# Collected material:
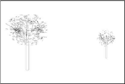 Ai tre indirizzi 30,40,50 corrispondono diversi valori assegnati alla variabile t che poi regola il Ciclo. A questo punto il gioco, sostanzialmente, è fatto e porta ad un ulteriore vantaggio implicito non irrilevante: far disegnare una chioma meno folta per gli alberi lontani non produce solo un disegno più appropriato ma anche un disegno più veloce! Nelle figure 1, 2 e 3 potete verificare il risultato sul "Viale" sugli "Alberi Vicini" e sugli "Alberi Lontani". Ora, quello che abbiamo visto è solo un esempio ma è molto utile per mostrare una logica di procedere nell'affrontare problemi analoghi anche con altri tipi di elementi.
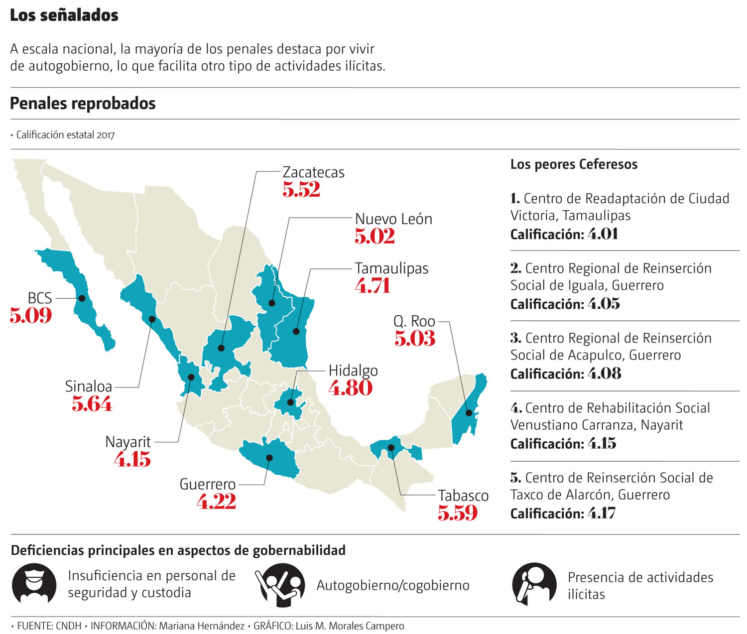 “Lamentablemente los penales del país están marcados por la corrupción y esos altos índices de corrupción se traducen en que hoy, penosamente, 50 por ciento del crimen organizado se administre desde dentro de las instalaciones de los penales. Esto es un ejemplo del reto que tenemos enfrente”, puntualizó.
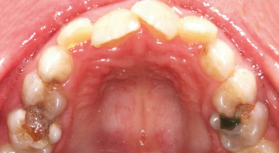 از آنجایی که دندانهای خلفی بالا تیلت پالاتالی ندارند(شکل38-5) و میدلاین دندانی و چانه بیمار (شکل39-5 و40-5) به چپ منحرف است به کراس دو طرفه و انحراف طرفی مندیبل پی میبریم.

# Activity:
Although the material contains pictures, only the lines are to be written out, exactly as they stand.

# Answer to the exercise:
 Ai tre indirizzi 30,40,50 corrispondono diversi valori assegnati alla variabile t che poi regola il Ciclo. A questo punto il gioco, sostanzialmente, è fatto e porta ad un ulteriore vantaggio implicito non irrilevante: far disegnare una chioma meno folta per gli alberi lontani non produce solo un disegno più appropriato ma anche un disegno più veloce! Nelle figure 1, 2 e 3 potete verificare il risultato sul "Viale" sugli "Alberi Vicini" e sugli "Alberi Lontani". Ora, quello che abbiamo visto è solo un esempio ma è molto utile per mostrare una logica di procedere nell'affrontare problemi analoghi anche con altri tipi di elementi.
 “Lamentablemente los penales del país están marcados por la corrupción y esos altos índices de corrupción se traducen en que hoy, penosamente, 50 por ciento del crimen organizado se administre desde dentro de las instalaciones de los penales. Esto es un ejemplo del reto que tenemos enfrente”, puntualizó.
 از آنجایی که دندانهای خلفی بالا تیلت پالاتالی ندارند(شکل38-5) و میدلاین دندانی و چانه بیمار (شکل39-5 و40-5) به چپ منحرف است به کراس دو طرفه و انحراف طرفی مندیبل پی میبریم.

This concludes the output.